Tetapi itu tak ada apa-apanya, setelah sekitar dua bulan kemudian, Jokowi membuat kita semua terkaget-kaget dengan secara begitu super cepatnya dia memutuskan memilih Komisaris Jenderal Budi Gunawan sebagai calon tunggal Kapolri. Padahal yang bersangkutan sejak lama termasuk dalam salah satu perwira tinggi Polri pemilik rekening gendut. KPK pun sudah mengisyaratkan sejak awal kepada Jokowi bahwa Budi mempunyai catatan merah terkait dugaan kasus korupsi (gratifikasi), oleh karena itu tidak direkomendasikan menjadi menteri dalam kabinetnya. Jokowi memenuhi rekomendasi itu, tetapi tidak di kala diduga Megawati menghendaki mantan ajudannya itulah yang menjadi Kapolri, apapun yang terjadi! Jokowi dengan segala rasa hormat dan kesetiaannya kepada Megawati pun memenuhi kehendak tersebut, dengan risiko sebesar apa pun. Mungkin saat itu, Jokowi tak mengira risiko yang harus dipikulnya itu akan menjadi super berat dan semakin lama semakin berat seperti yang sedang terjadi sekarang ini.

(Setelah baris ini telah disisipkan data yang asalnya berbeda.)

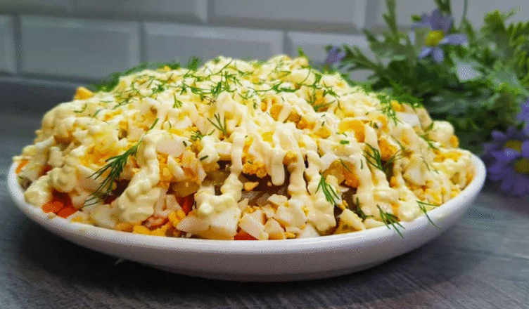 Беру плоску тарілку для подачі салату, його збираю одразу тут. Першим шаром викладаю консервну сардину, поливаю сіточкою із майонезу. Далі маринована цибуля, поливаю сіточкою із майонезу. Моркву натираю на терці, покриваю майонезом.
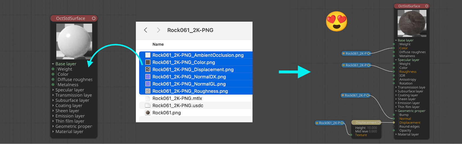 Even if only one texture in a folder is dragged in, Octane will look for others with a similar naming convention and bring them in as well.
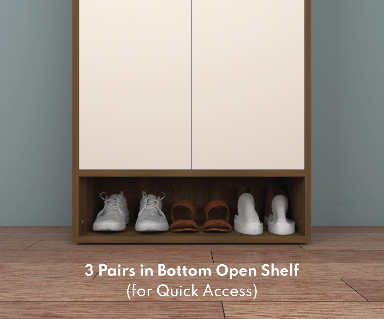 Accessible Open Shelf: Bottom open shelf for 3 pairs — ideal for grab-and-go convenience.
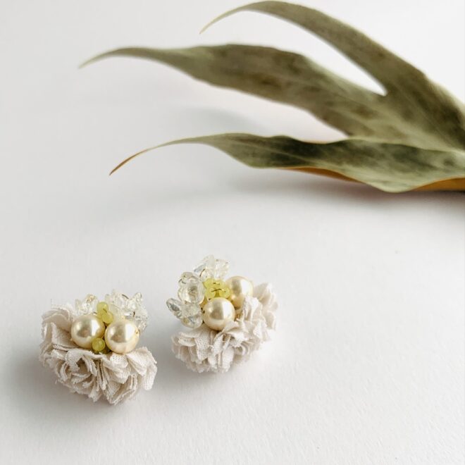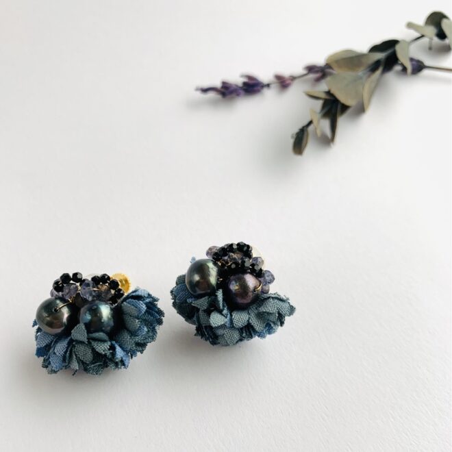 やシルクを1枚づつ染めて制作しており、天然石やパールと組み合わせる事で、
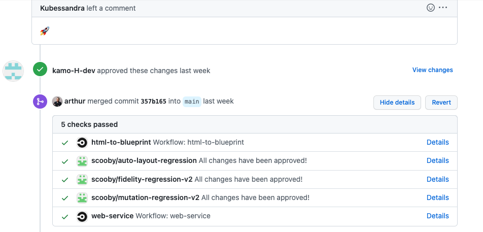 Once all tests pass, Scooby posts the results to the original PR that triggered the tests:
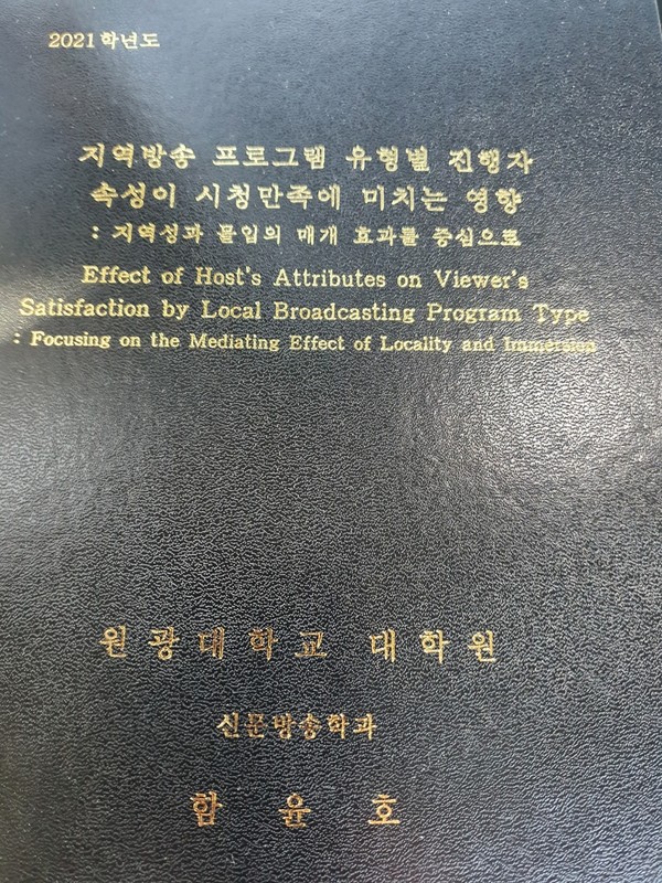 ‘지역방송 프로그램 유형별 진행자 속성이 시청만족에 미치는 영향’ 박사 논문
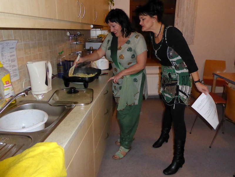 Und so ging es am Donnerstag voll bepackt mit Gemüse und Reis, mit Linsen und Gewürzen sowie Vortragstechnik auf den Weg nach Neustadt. Bis zum Beginn der offiziellen Veranstaltung war noch etwas Zeit, so dass wir die Zutaten schon vorbereiten konnten. Vicky, die Tochter einer Freundin, ging mir dabei besonders zur Hand. Nach und nach trudelten die Mitglieder der Wohngruppe in der gemütlichen Küche ein und beteiligten sich an den Schäl- und Schnippelarbeiten. Die Wiedersehensfreude war genauso groß wie der Spaß an der gemeinsamen Arbeit!
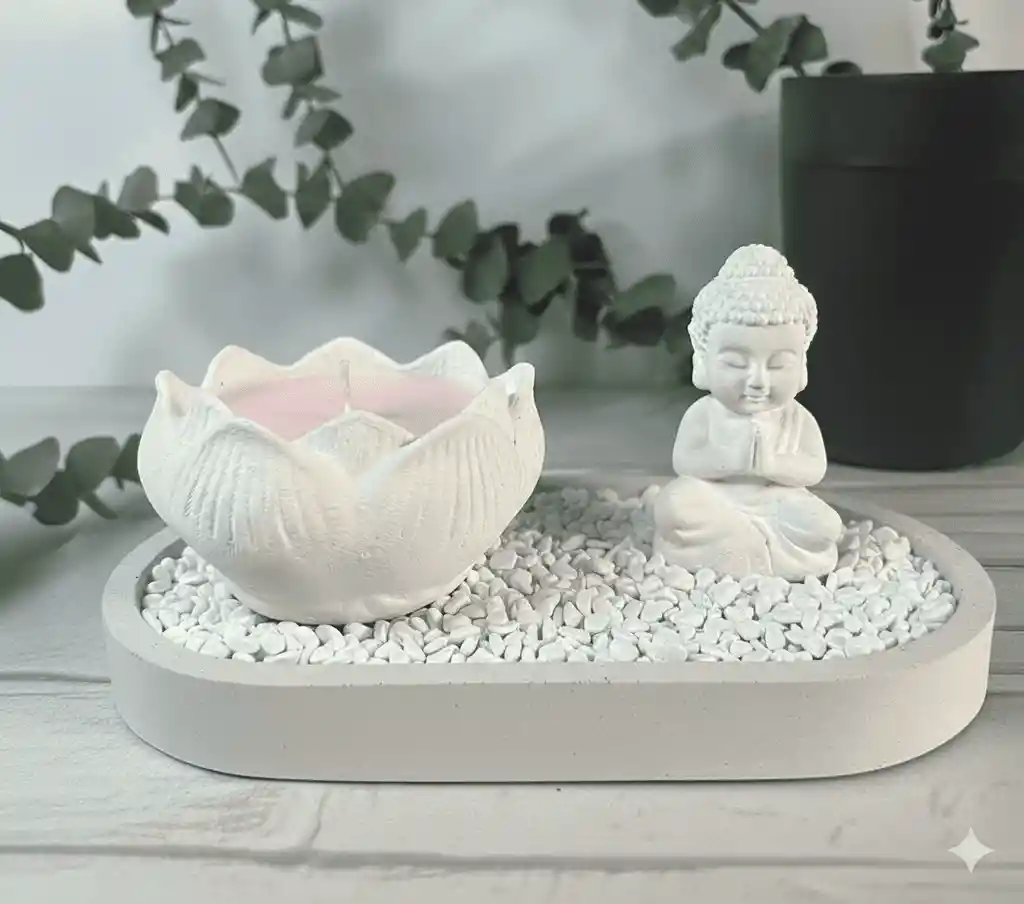 SET ZEN Bandeja + Escultura Buda + Piedras decorativas + Vela Bandeja de 18 cm Material concreto Color Blanco
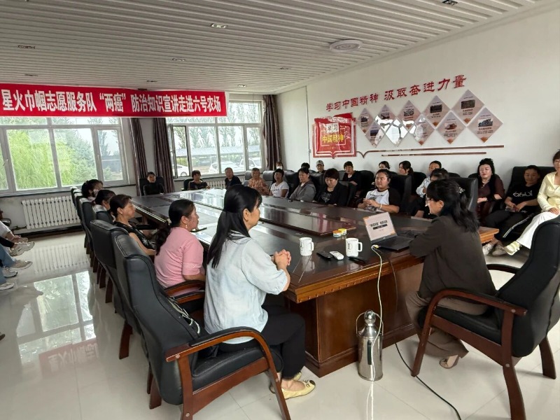 为提高基层妇女健康意识,有效预防和降低“两癌”(宫颈癌、乳腺癌)发病率,7月29日,星火巾帼志愿服务队成员旗妇幼保健计划生育服务中心妇女保健部部长、主任医师谢秀珍到六号农场开展“两癌”防治知识宣讲,各分场计生主任及辖区部分适龄女性参加此次讲座。
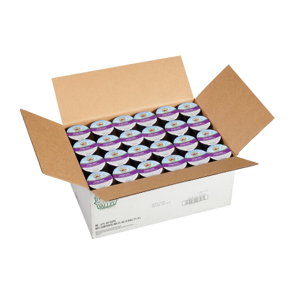 • Convenient and delicious! Made with 100% grape juice, these individual grape juice cups are measured into four-ounce serving sizes. These are the perfect single-serve portion and are great for all segments.
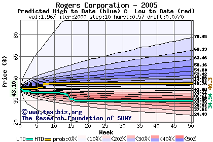 The high to date and low to date prices of the stock plotted against a random walk model for 2005 (what's this?).
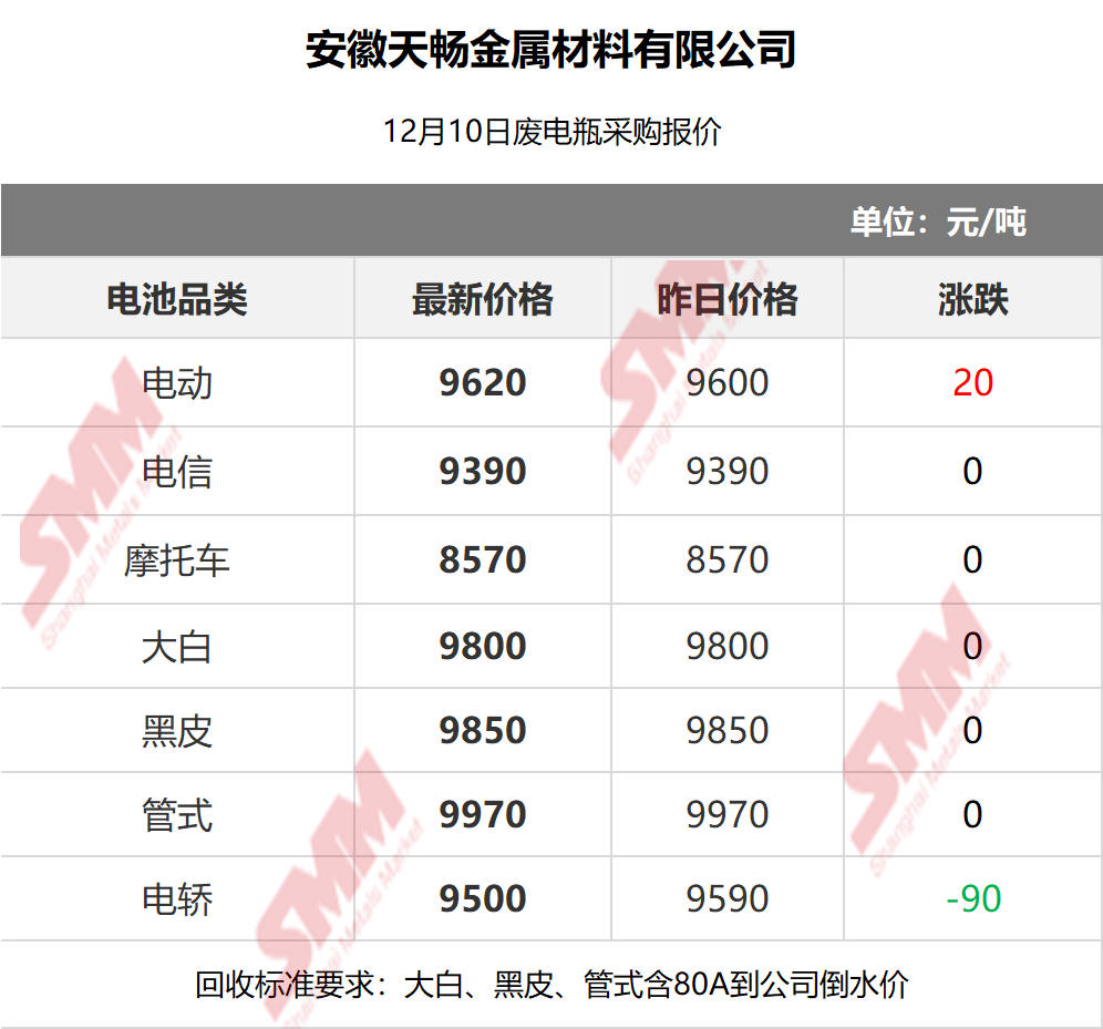 12月10日安徽天畅 废电瓶采购报价
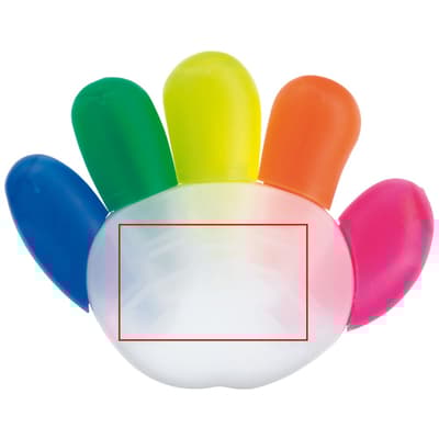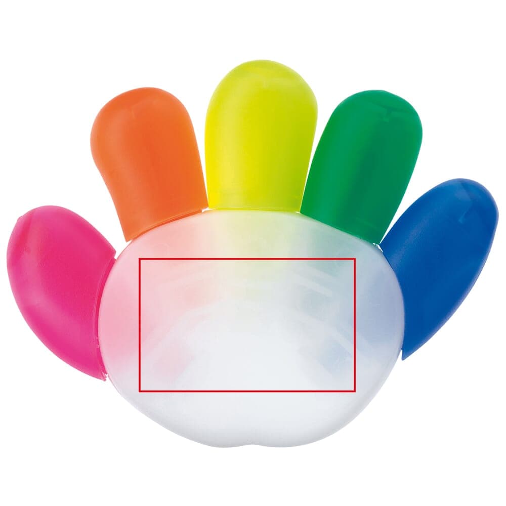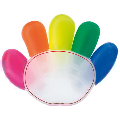 Toppoint design tekstmarker in de vorm van een hand met vijf schrijfkleuren. Te bedrukken met full-colour digitale print.
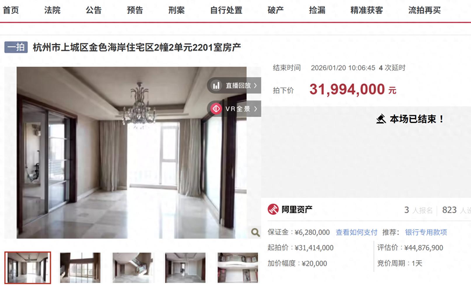 这场拍卖引发了市场广泛关注,累计吸引2.2万余次围观,823人设置提醒,最终历经5轮出价,以3199.4万元敲定成交,成交单价约8.49万元/平方米,为评估价的7.1折。
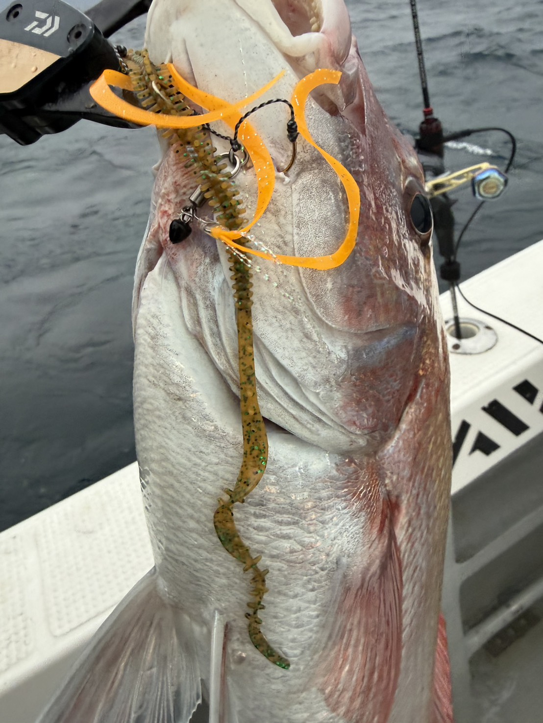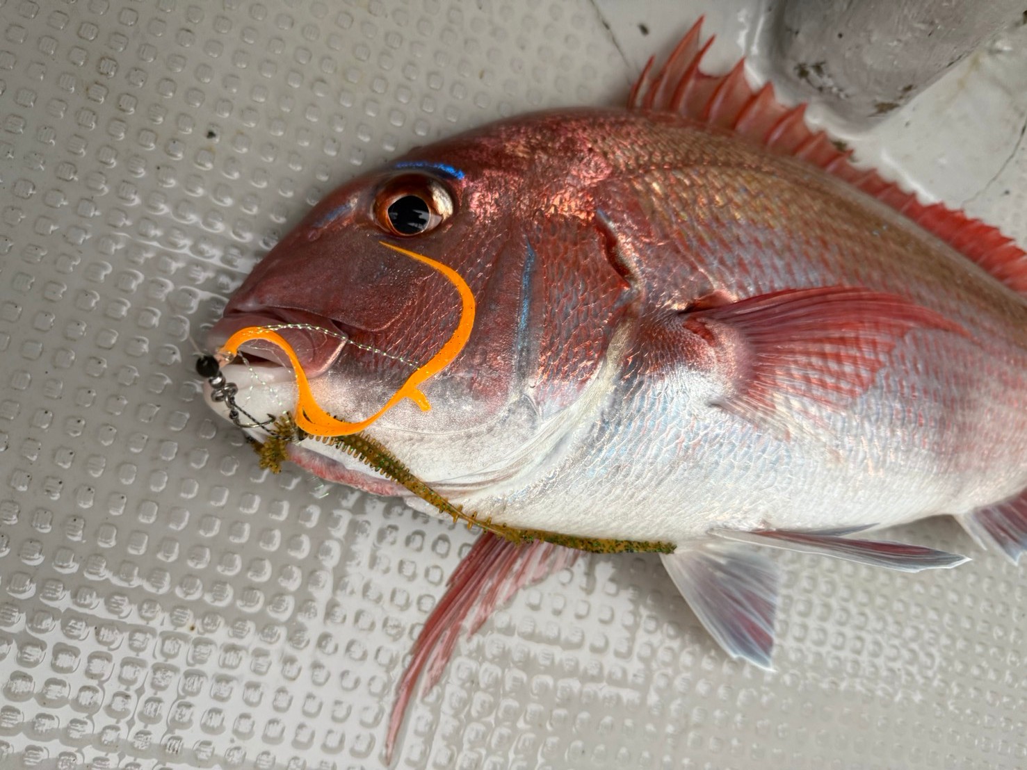 日本海の春と言ったらディープタイラバ!今回は福井県敦賀市出船の「一美丸」さんに行ってきました。春は「ホタルイカパターン」。朝4時半頃出船。ポイントまでは1時間ほどで水深120m。風が強く船が流れるのが速くタイラバはタングステンの250gでスタート。ホタルイカを意識して「海毛虫カーリーロング」の「シラス星」。ボトムに着いたら10m程上がるようにとにかくただ巻き。巻いて巻いて… 朝マズメの良い時間にはアタリもなく…ワームのカラーを「茶バチ」に交換してしばらくすると、トモの方がヒットしたタイミングで自分にもヒットし、1匹目なので時間をかけ慎重にやり取りして上がってきたのは、サイズは大きくありませんでしたが綺麗なマダイ♬ホタルイカパターンのワームカラーではなく地味な「茶バチ」でのヒットでした。終盤にもヒットしましたが、まさかの根ズレでラインブレイク… どうやら水温が前日より2℃下がっていたみたいで、活性が一気に落ちたみたいでした… まだまだこれから面白くなる日本海のホタルイカパターン!80cmクラスも上がってくると思うのでこれからに期待です!!
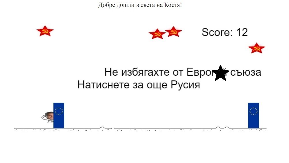 Целта на играта е играчът да помогне на „Костя“ да избяга от Европейския съюз, като прескача сини стълбчета със знамето на съюза. Героят се управлява само с бутона „Space” на клавиатурата, а когато се удари в някой стълб, на екрана се показва нецензурно съобщение. Ако искате да започнете отново, пак трябва да натиснете „Space”.
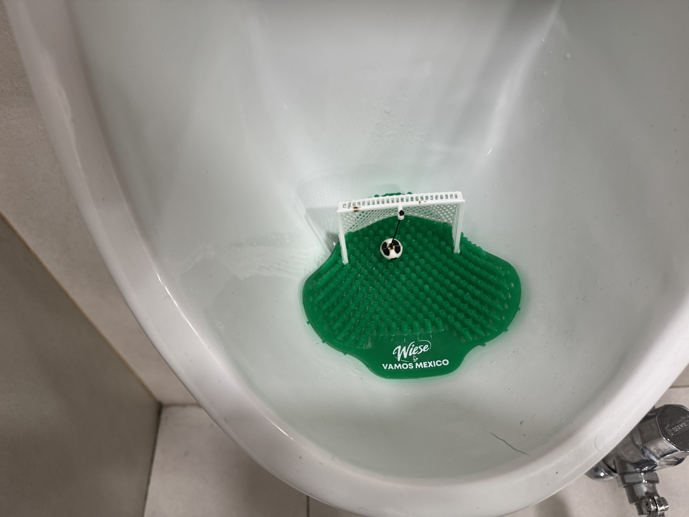 Nothing to report from the trip. This little soccer goal "target" was in the urinal in the Mexico City airport. We were just happy to make it without the TSA strikes interfering.
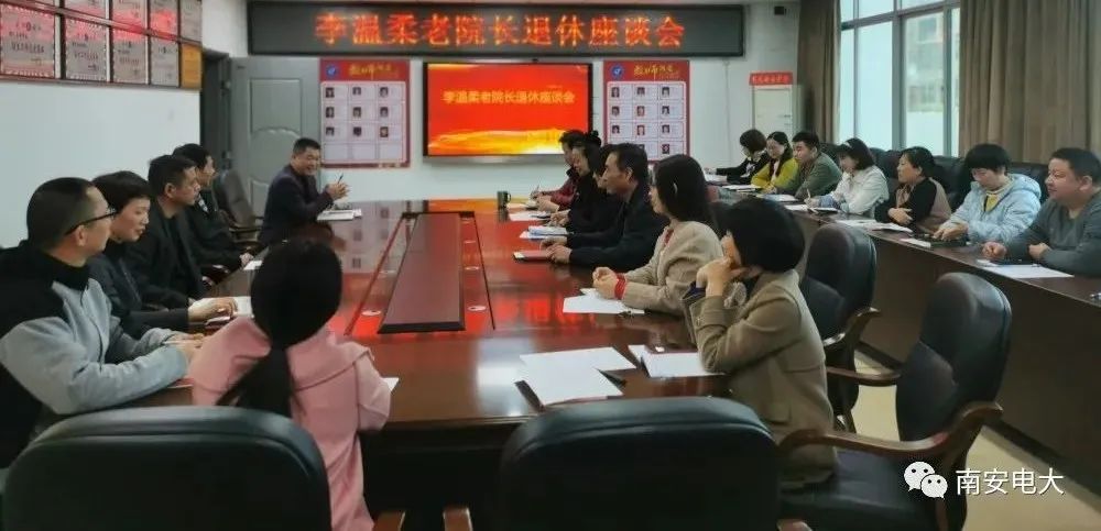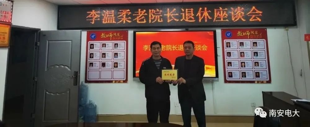 1月5日下午,南安电大在五楼会议室召开李温柔老院长退休座谈会。全体教职员工参加了座谈会,南安电大书记尤春生主持,院长陈宗辉为老院长颁发“退休光荣”牌匾。
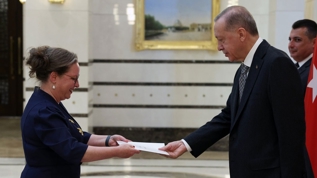 Cumhurbaşkanlığı Külliyesi'ndeki kabulde, Büyükelçi Lillian, Erdoğan'a güven mektubu sundu.

Rakyat resah, investor resah, sistem hukum rusak, rasa keadilan rakyat terusik, pemberantasan korupsi terancam gagal total, stabilitas keamanan dan politik nasional terancam. Semua kini menunggu keputusan Presiden Jokowi, apakah dia mampu menuntas masalah besar ini ataukah tidak dengan memutuskan melantik, ataukah batal melantik Budi Gunawan sebagai Kapolri.

Kedua alternatif putusan itu sama-sama berat akibatnya, tetapi mau tak mau harus menjalaninya, dengan memilih risiko yang paling ringan di antara dua risiko besar tersebut.

Jika Jokowi melantik Budi Gunawan, maka ia memang akan semakin disayang PDI-P/Megawati, ia akan  mendapat dukungan dari KIH, maupun KMP, termasuk DPR, tetapi bersamaan dengan itu pula, ia akan mendapat stempel besar yang tak hengkang ditelan zaman, tercatat dalam sejarah sebagai presiden yang sangat tidak pro kepada pemberantasan korupsi, pembohong besar dengan Nawa Cita-nya, dan bertanggung jawab penuh atas semakin lemahnya atau mandulnya KPK.

Jokowi juga akan dicatat salam sejarah sebagai presiden yang bertanggung jawab atas rusak tata hukum (negara), perusak moral politik dan etika hukum. Maka, jika ia melantik Budi Gunawan, ia juga harus membuang Nawa Cita-nya ke keranjang sampah!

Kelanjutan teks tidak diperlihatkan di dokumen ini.